Multimedia author Matt Forbeck gives trans-media writing advice from novels to games; Ava Jae discusses why writers must read; Sarah Woodbury loves bringing history to life in historical fiction; and author Malaika Rose Stanley brings us a post on the nearly non-existent mixed-race characters in children’s and YA books and a list of books that have mixed-race characters.


Penguin has had a rough week. First Penguin fights Amazon’s Kindle Lending program by cutting off libraries from accessing books they already own. Then, Penguin’s writing community Book Country creates a backlash by opening a self-publishing service that many are decrying as unfair to the author.

Porter Anderson has wonderful round-ups of the best blogs about both of Penguin’s issues. Cory Doctorow posts about the library fracas, while Victoria Strauss at Writer Beware adds some sanity to the vitriol with her viewpoint on the Book Country brouhaha.

Agent Jennifer Laughran gives an official answer to any and all questions about what “the market” is looking for. Agent Janet Reid identifies and explains 10 query letter mistakes. And no matter how good you are, you get rejected—read these famous authors’ harshest rejection letters.

Self-publishing—to do or not to do? Roz Morris says that self-publishing isn’t for those who can’t get published–it’s for those who can; and James Scott Bell describes how to find self-publishing success by eating the publishing elephant.

Whether you self-publish or not, much of the promotion of your book will fall to you. Joshua Grover-David Patterson explains how to launch your book; David Robinson tells how to create a video book trailer; Working Writers and Bloggers tackles 5 blog tour mistakes (this is the wrap-up, be sure to check out all the posts); and EPublish A Book talks promoting vs. marketing a book (again, the last in a series).

Social media is a cornerstone of any book promotion these days. Jenn Reese provides a thoughtful Social Media Survival Guide; Jody Hedlund describes how to build a blog following; and Kathleen Pickering shares her moment of epiphany on the power of Twitter.

In the darker and more confusing side of social media, Schmutzie joins the de-koutification movement with a comprehensive look at Klout’s problems and how to opt out of the service; and the monetization of blogging continues to stir controversy when the Book Maven’s popular #FridayReads hashtag was discovered to be part of a business venture.

Even in cyberspace, people are human, and David G. Hallman explores love and loss on Twitter. In another type of virtual world, the rising popularity of romance novels raises concerns that they skew people’s views of what real-world relationships should be. And author Ann Patchett believes so strongly in the community benefits of an independent bookstore that Patchett is paying to open a bookstore in Nashville.

In an interesting dichotomy, the New York Times found that even avid e-book readers insist on paper books for their children. The School Library Journal explores what teens are reading for fun, and Kirkus Reviews put out its Best Children’s Books of 2011 list.
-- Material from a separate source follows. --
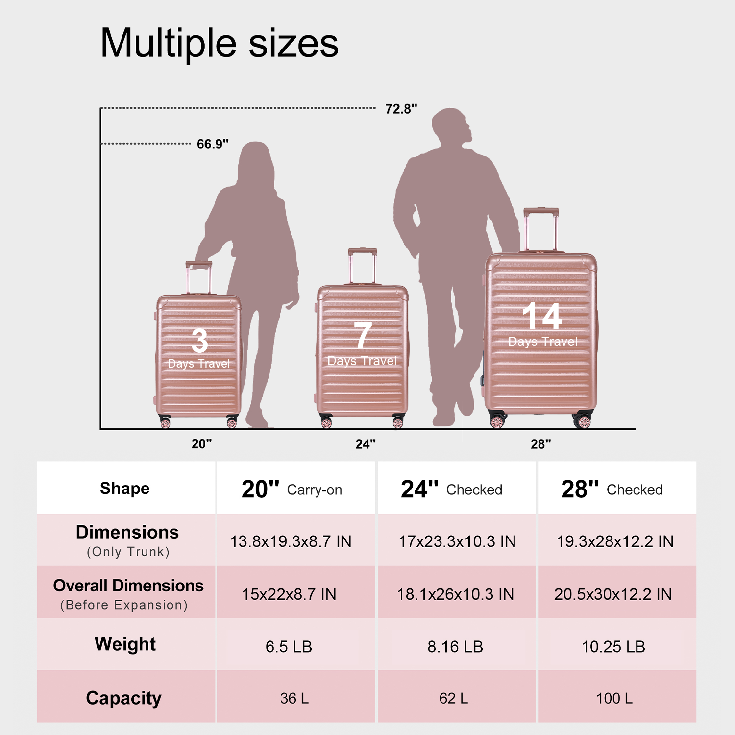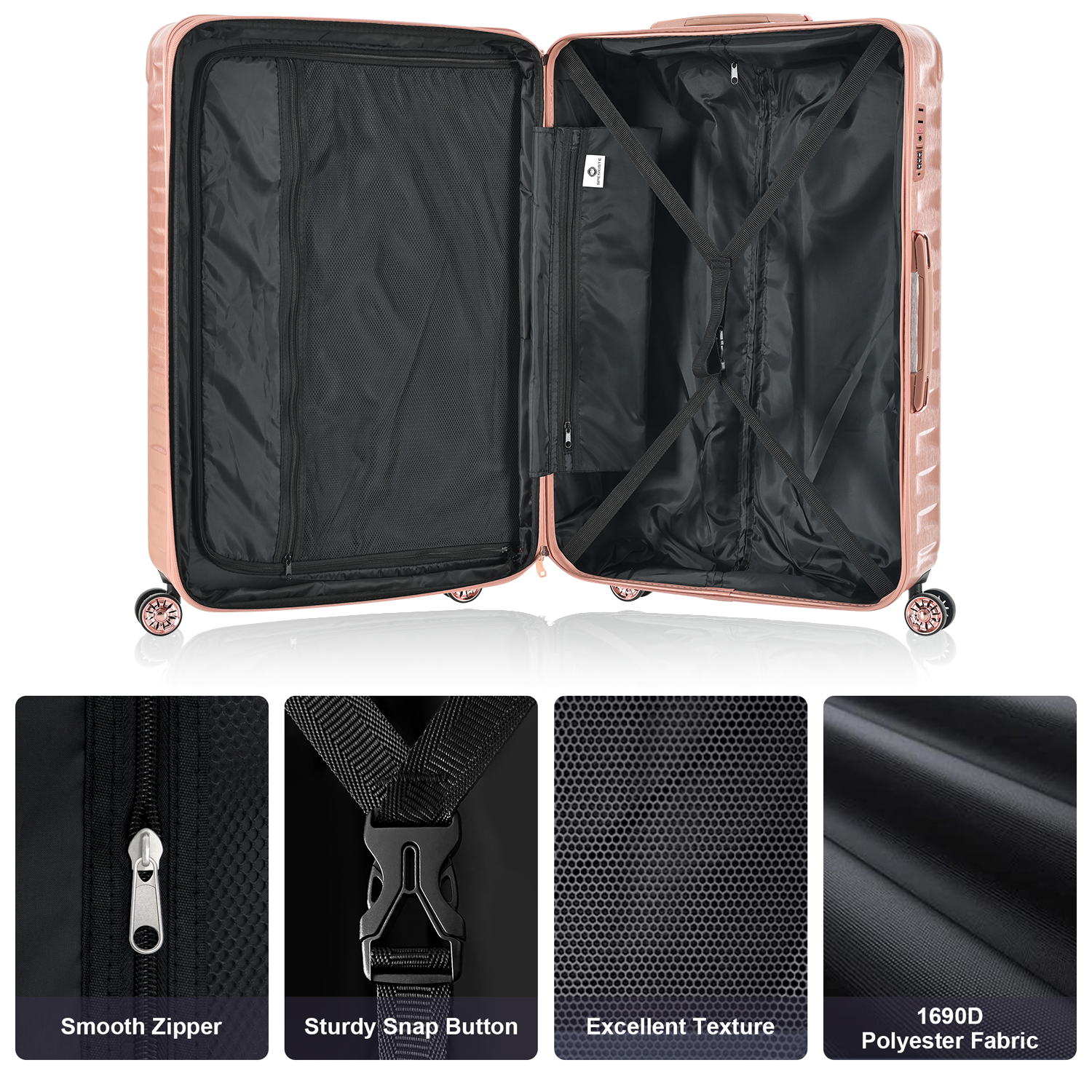 Luggage Sets Model Expandable Abs Pc 3 Piece Sets With Spinner Wheels Lightweight Tsa Lock 20 24 28 ,Rose Gold Rose Gold Abs Pc

Visit the lovely new Library Journal reviews website.

Glenn Starkey talks about the lost art of letter writing.

Chuck Wendig on SKYRIM and emergent narrative.
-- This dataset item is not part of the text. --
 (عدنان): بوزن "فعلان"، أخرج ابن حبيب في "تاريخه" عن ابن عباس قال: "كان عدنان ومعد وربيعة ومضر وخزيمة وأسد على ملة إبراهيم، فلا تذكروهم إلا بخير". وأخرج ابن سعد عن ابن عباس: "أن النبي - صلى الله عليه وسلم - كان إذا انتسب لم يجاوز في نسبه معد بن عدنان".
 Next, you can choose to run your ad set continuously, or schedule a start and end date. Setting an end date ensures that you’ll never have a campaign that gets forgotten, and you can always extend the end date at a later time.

The Evil Editor might close down the evil blog due to lack of participation.

In this New Yorker piece, Eric Idle makes a point by explaining exactly who wrote Shakespeare and why.
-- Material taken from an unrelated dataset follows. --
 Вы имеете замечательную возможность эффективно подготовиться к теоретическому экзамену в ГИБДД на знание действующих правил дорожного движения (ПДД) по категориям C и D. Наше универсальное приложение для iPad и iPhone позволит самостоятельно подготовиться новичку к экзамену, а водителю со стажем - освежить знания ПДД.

Ever read a book and then want to travel to the places depicted in it? Blogger Clover shares books that make her want to travel to the UK.

Princeton’s new blog from its rare books staff. NOTABILIA: An in-progress registry of provenance, bindings, annotations, and other evidence for book history from the rare book collections at Princeton.

The Black Hours—a stunning illuminated MS on black-stained vellum—has been digitized by the Morgan Library and Museum.

Have a safe and Happy Thanksgiving, everyone!